# Confused about grit, oyster shells, etc



## HomesteadingSal (Apr 1, 2011)

We are new to chickens. We have 17 little hens (almost 2 months old) and 1 rooster. They are on chick starter, have grit available, and also eat bugs/worms/grass in their little run off of their coop. I've started giving them a few healthy table scraps as well. 

What is the general rule on grit? What about oyster shells? I'm reading conflicting things about them. When do they NEED grit? When do they NEED oyster shells? Does OS serve as a grit? Do I need to provide BOTH? Do they need OS if they are fed a commericial layer pellet? 

When do I switch to layer pellets?
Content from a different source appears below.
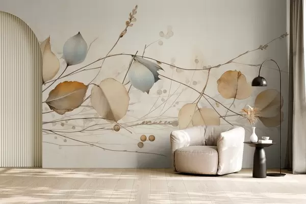 Фототапет Деликатни клонки с листа в бежови нюанси Nr w04579

The feed store said they can be switched as soon as they are fully feathered. The chick starter bag says to switch to a laying ration one month before laying is expected (this is what I was going to do). I read in another thread to wait until they actually start laying to switch them to layer. 

I'm very confused. I just want to do what's best for the chicks and have healthy, hard-shelled eggs in the future.


----------



## BackfourtyMI. (Sep 3, 2007)

I don't have chickens but for my ducks I have Oyster shell & Grit out for them 24/7.
The grit is to help them grind up their food & the oyster shell is to give them more calcium for the eggs they produce. Mine eat it when ever they think they need it. 
A bag of each last's me quite awhile.


----------



## Left-Handed Dog (Jan 12, 2007)

The grit might not be necessary if they have sufficient access to the outdoors...where they can pick up tiny rocks. All of our poultry is free-range but we throw some grit around their houses "just to be sure." I've heard that a good layer ration has all the calcium layers need for good eggs. We leave it out free choice and they still consume some of it. Pretty sure it can't hurt and I trust their instincts!


----------



## Cyngbaeld (May 20, 2004)

If they are on the ground they do not need grit. (They'll find their own. ) If they are only getting processed poultry feed they do not need grit. (The food is preground.)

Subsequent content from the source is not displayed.